> PROBLEM REQUIREMENTS
Copy the listing exactly; drop the pictures.

> SUPPLIED DATA

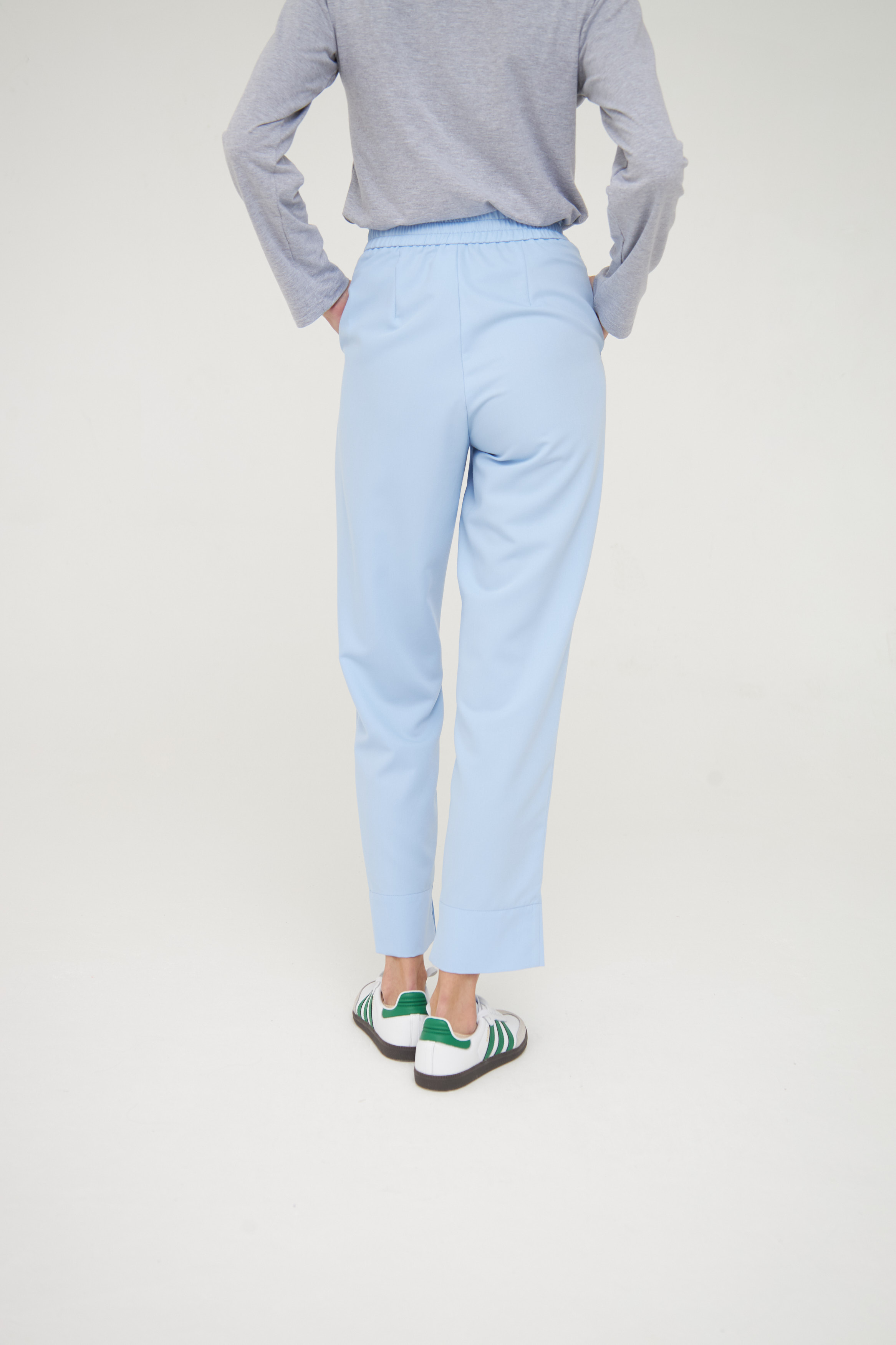 Модель на высокой талии, длиной до щиколотки. Комфортная посадка обеспечивается за счет резинки на талии, которая располагается только на спинке, не разбивая деловой вид.
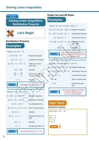 Solve 3(–2x + 4) > –12. Since the inequality results in a
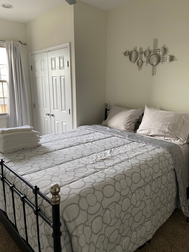 Welcome to this cozy 2BD/2.5BA fully furnished home in Pigtown. This home is located on a quiet street with free ample parking. It is less than one mile from UMMC. Ideal for friends or a couple. This home features exposed brick, carpet and hardwood floors. The fully equipped kitchen comes with all major appliances including a refrigerator, dishwasher, microwave, and stove. The main floor also includes a half bath and a full sized washer & dryer. The main bedroom (facing the backyard) includes a queen size bed, TV and an en-suite with double sinks and a soaking tub & shower. The second bedroom (facing the street) includes a queen size bed and TV. The bathroom is outside the bedroom. The furnished basement provides extra space to entertain and as an extra bonus, there’s a rooftop deck to hangout. Pets are not allowed.
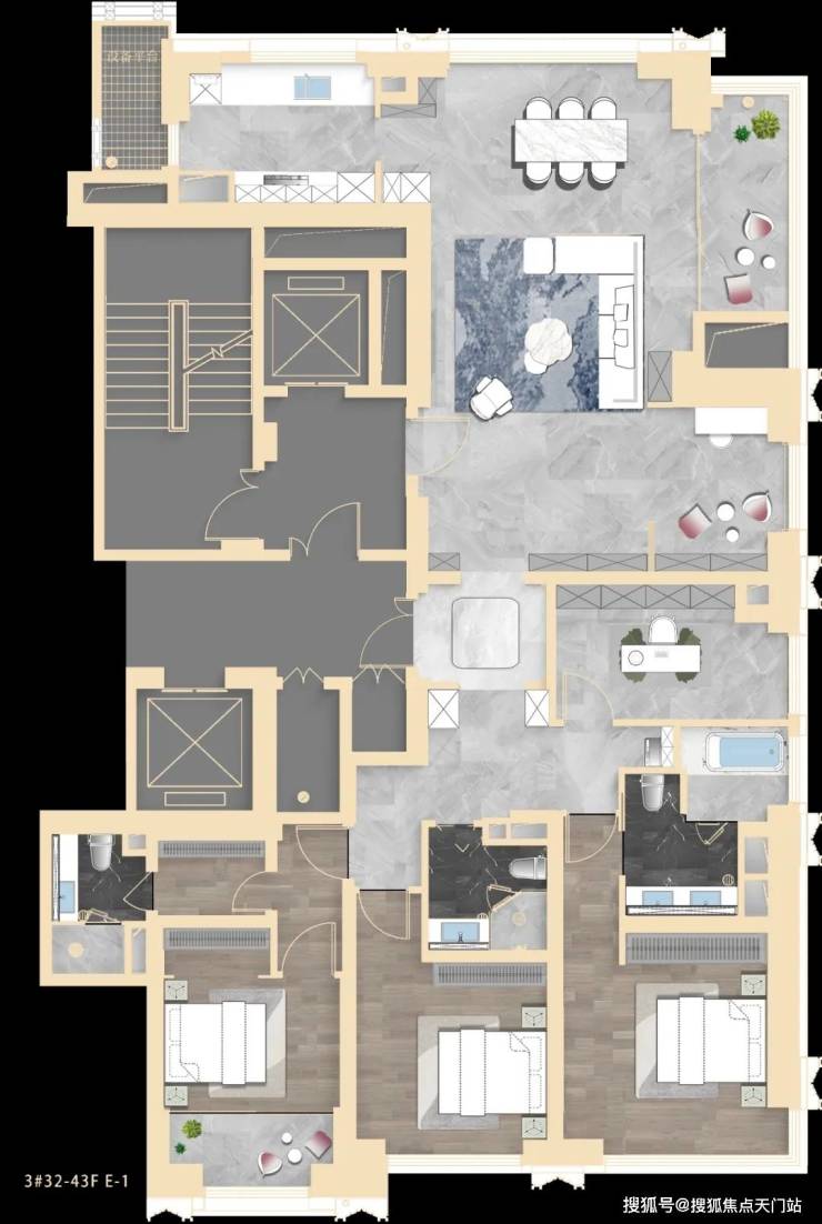 因为寸土寸金,市中心项目不会有太集中的中心景观。而海玥黄浦源,因地制宜进行“一星四叶”的建筑排布,围合出了市心少见的约3000㎡集中景观。
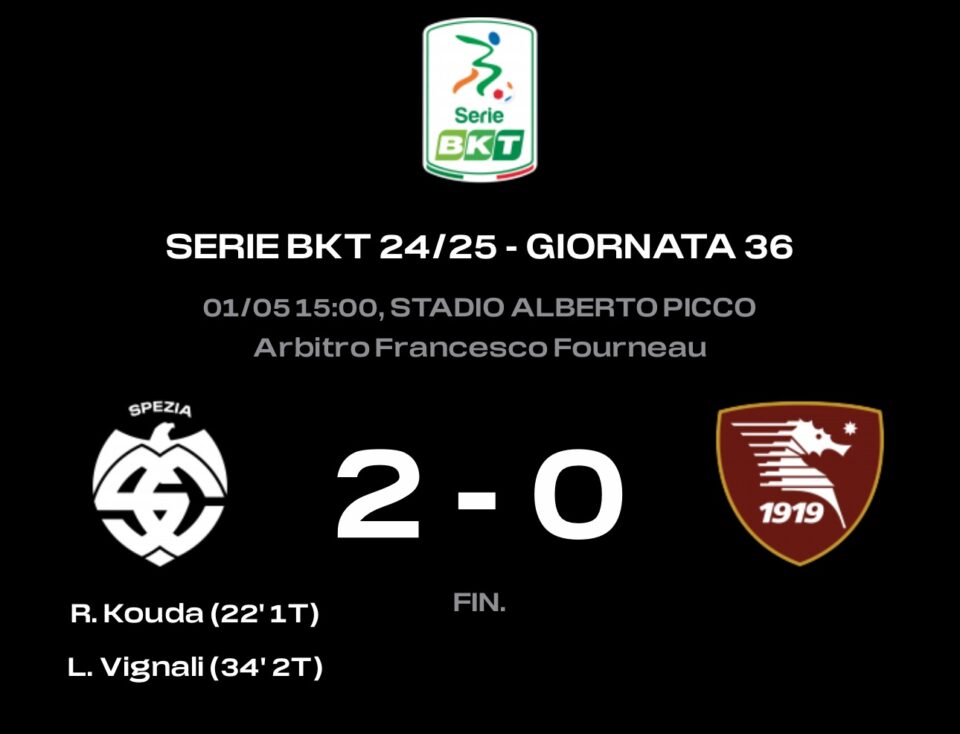 Nonostante i 1200 tifosi al seguito la Salernitana continua a soffrire nelle trasferte. Il match di oggi finisce 2-0 per i padroni di casa. Una vittoria meritata dello Spezia soprattutto per come i granata hanno affrontato la partita. Il mal di trasferta non si comprende dopo la buona prestazione nella giornata precedente. Lo Spezia segna un gol per tempo. Nei primi 45’con  Kouda, mentre il raddoppio è di Vignali. La Salernitana ci ha pure provato colpendo due pali. Sarebbe andata diversamente se la palla entrava. Il gol del vantaggio di Kouda nasce dal cross di Mateju dalla destra. Colpo di testa e palla in rete. Al quarto d’ora della ripresa è il palo a salvare lo Spezia sul diagonale di Ghiglione. Sempre il palo salva Gori, con Hrustic che calcia da dentro l’area su assist di Verde al 29′. Ma pochi minuti dopo è lo Spezia a raddoppiare. C’è un batti e ribatti in area; alla fine insacca Vignali che tira all’incrocio. Finisce 2-0 per i padroni di casa e purtroppo per i granata dagli altri campi non sono arrivati risultati positivi.
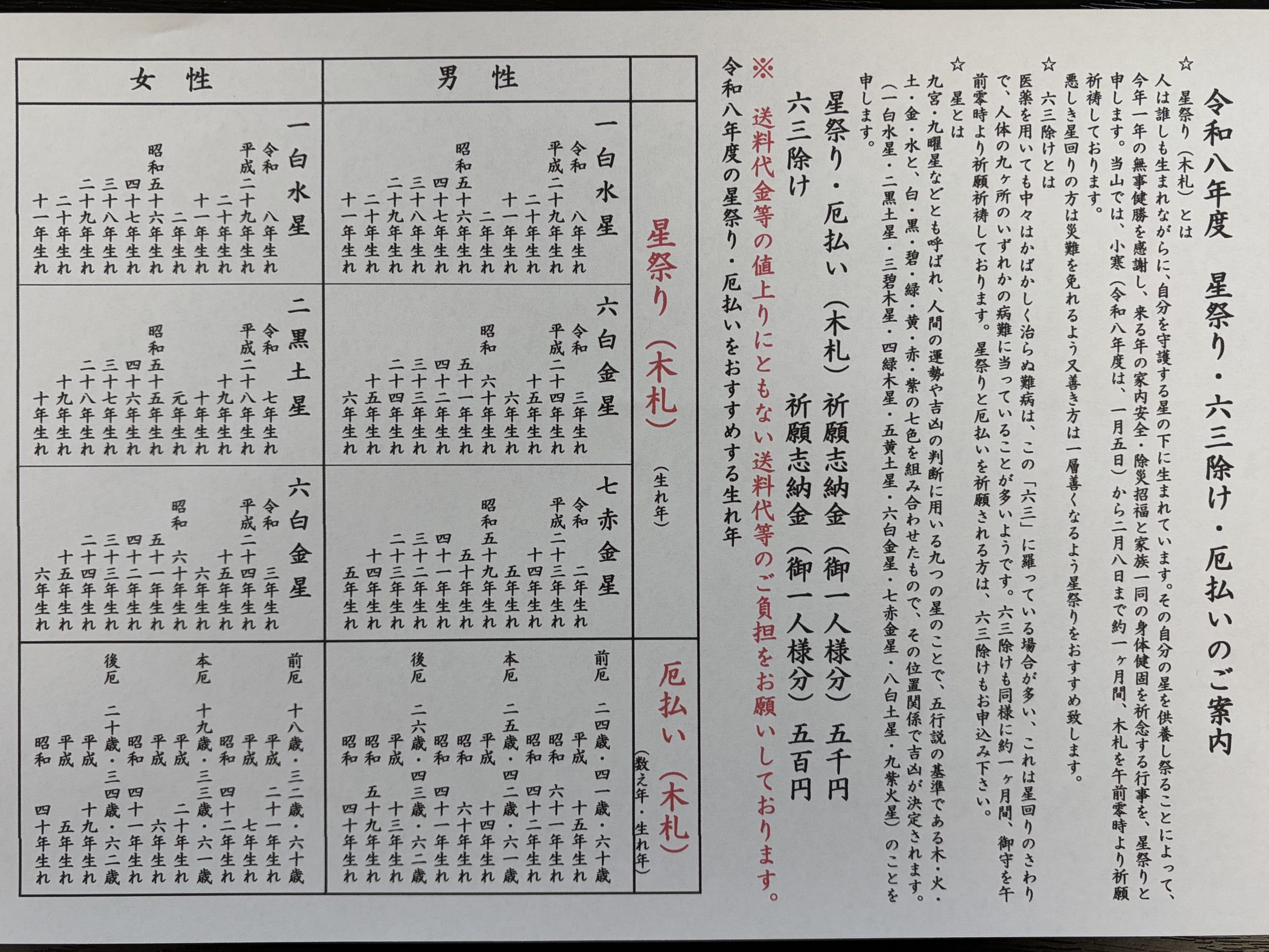 令和八年度 星祭り・六三除け・厄払いのご案内
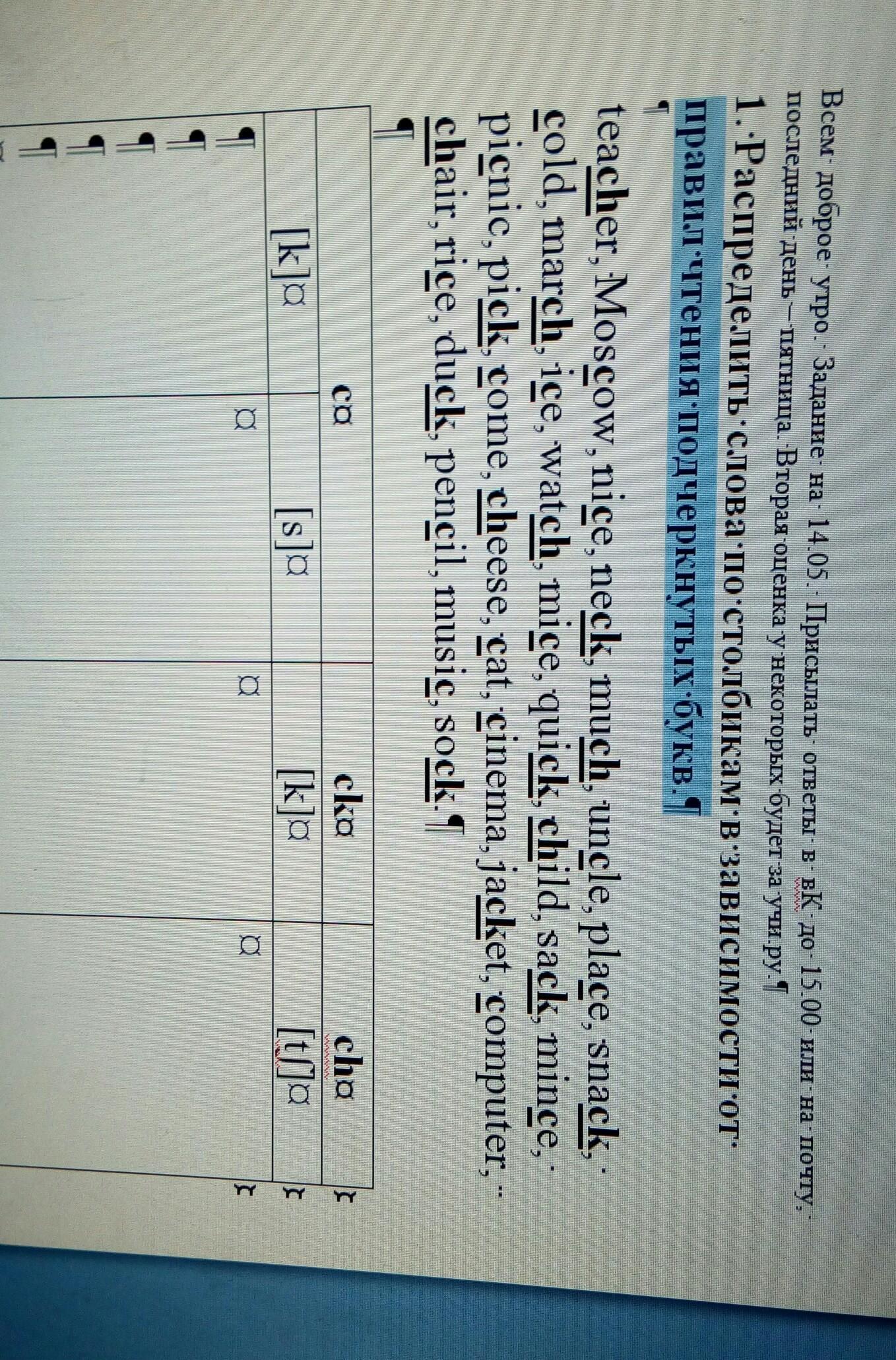 Распределите слова по столбикам в зависимости от правил чтения подчёркнутых букв teacher Moscow

> EXPECTED ANSWER
 Модель на высокой талии, длиной до щиколотки. Комфортная посадка обеспечивается за счет резинки на талии, которая располагается только на спинке, не разбивая деловой вид.
 Solve 3(–2x + 4) > –12. Since the inequality results in a
 Welcome to this cozy 2BD/2.5BA fully furnished home in Pigtown. This home is located on a quiet street with free ample parking. It is less than one mile from UMMC. Ideal for friends or a couple. This home features exposed brick, carpet and hardwood floors. The fully equipped kitchen comes with all major appliances including a refrigerator, dishwasher, microwave, and stove. The main floor also includes a half bath and a full sized washer & dryer. The main bedroom (facing the backyard) includes a queen size bed, TV and an en-suite with double sinks and a soaking tub & shower. The second bedroom (facing the street) includes a queen size bed and TV. The bathroom is outside the bedroom. The furnished basement provides extra space to entertain and as an extra bonus, there’s a rooftop deck to hangout. Pets are not allowed.
 因为寸土寸金,市中心项目不会有太集中的中心景观。而海玥黄浦源,因地制宜进行“一星四叶”的建筑排布,围合出了市心少见的约3000㎡集中景观。
 Nonostante i 1200 tifosi al seguito la Salernitana continua a soffrire nelle trasferte. Il match di oggi finisce 2-0 per i padroni di casa. Una vittoria meritata dello Spezia soprattutto per come i granata hanno affrontato la partita. Il mal di trasferta non si comprende dopo la buona prestazione nella giornata precedente. Lo Spezia segna un gol per tempo. Nei primi 45’con  Kouda, mentre il raddoppio è di Vignali. La Salernitana ci ha pure provato colpendo due pali. Sarebbe andata diversamente se la palla entrava. Il gol del vantaggio di Kouda nasce dal cross di Mateju dalla destra. Colpo di testa e palla in rete. Al quarto d’ora della ripresa è il palo a salvare lo Spezia sul diagonale di Ghiglione. Sempre il palo salva Gori, con Hrustic che calcia da dentro l’area su assist di Verde al 29′. Ma pochi minuti dopo è lo Spezia a raddoppiare. C’è un batti e ribatti in area; alla fine insacca Vignali che tira all’incrocio. Finisce 2-0 per i padroni di casa e purtroppo per i granata dagli altri campi non sono arrivati risultati positivi.
 令和八年度 星祭り・六三除け・厄払いのご案内
 Распределите слова по столбикам в зависимости от правил чтения подчёркнутых букв teacher Moscow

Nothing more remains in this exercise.